Reader, one of my favourite authors/poets died today-the wonderful Maya Angelou who wrote 'I Know Why The Caged Bird Sings' and 'Gather Together In My Name'. Recently, another favourite (although entirely different) author passed, Sue Townsend who penned the hysterical Adrian Mole series (as well as The Woman Who Went To Bed For A Year and the brilliant play Bazaar and Rummage). These deaths have made me think a bit about how important books have been to me in my lifetime.
When I say important, I feel like I'm not giving books enough credit. See, when I was a kid, I didn't have many friends. In fact, I got bullied, pretty severely. I learned to read really young (by about 8 years old I was reading books written for young teens quicker than most 15 year olds) and it became a massive form of escapism for me. I may have had to put up with insults and violence, but I could hide in a corner and become Anne Shirley (of Green Gables) or Matilda or Nancy Drew and have adventures in my mind for a few hours.

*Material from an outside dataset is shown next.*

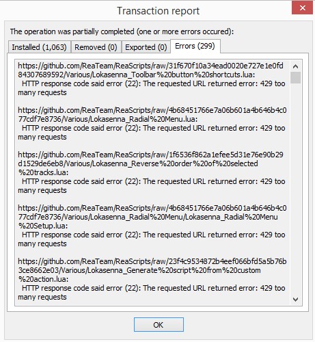 Поставил чистый рипер/реапак/sws и при синхронизации тоже получил кучу ошибок 429 "слишком много запросов". Так что даже чистый реапак выдает кучу ошибок.
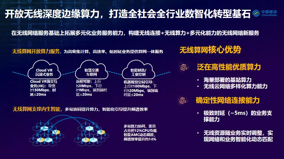李男进一步分享了从无线云网到无线算网的演进思考,无线算网在功能、性能、成本方面优势明显,满足大多数边缘计算场景需求,为高密集计算、高速率、低时延业务提供算网一体服务。同时,多站之间通过算力共享和协同,可有效满足无线网络内生智能的算力需求,帮助进一步提升网络性能、资源利用率和用户体验。

Before I even left primary school, I had finished all of the books in the school library and within a year of going to high school I'd also chomped my way through all the 'young adult' books in my local library too-so my mum started giving me her books, with the instruction that if I didn't understand any parts of them, to come and ask and we'd talk about them. My mum was pretty liberal, so she let me read books with more mature themes-Daphne Du Maurier, Sue Townsend and Maya Angelou found their way to me and I would sit for hours transfixed by the stories. They taught me how to deal with bullies (by being kind back-it confuses them-and then living a life that makes you happy), what it might feel like to fall in love before I'd even really met any boys, how as a woman you have to know yourself, because the world will try telling you who you are from when you first sprout hips and breasts, that the best heroines have to go through a ton of difficult stuff before they get their rewards, that freckles are not a bad thing, that gumbo tastes wonderful and that porridge can either be the worst thing in the world or the best depending on how it's described, that men who have silver tongues rarely have golden hearts and that love is the most important thing in the world.
Having a well stocked book case in the home is essential for kids. I learnt more about sex (and the consequences of having it) from books than I ever did from sex-ed classes. I also learned about the darker side of humanity-when my friends wanted me to lie to their parents about where they were when they were off with boys they didn't really know, I wouldn't do it, because I'd read tales where things had gone horribly wrong. I was a super safe teenager, because I knew exactly what could happen from all the crime books I'd read. I could explain a number of philosophical and psychological ideas from what I'd read and had a much greater understanding of the greater world than most teens of the same age. Whenever I had a problem, there was a book I could go to that would give me someone else's experience. My life had been lived by a million characters and they were all waiting on my shelf to give me advice.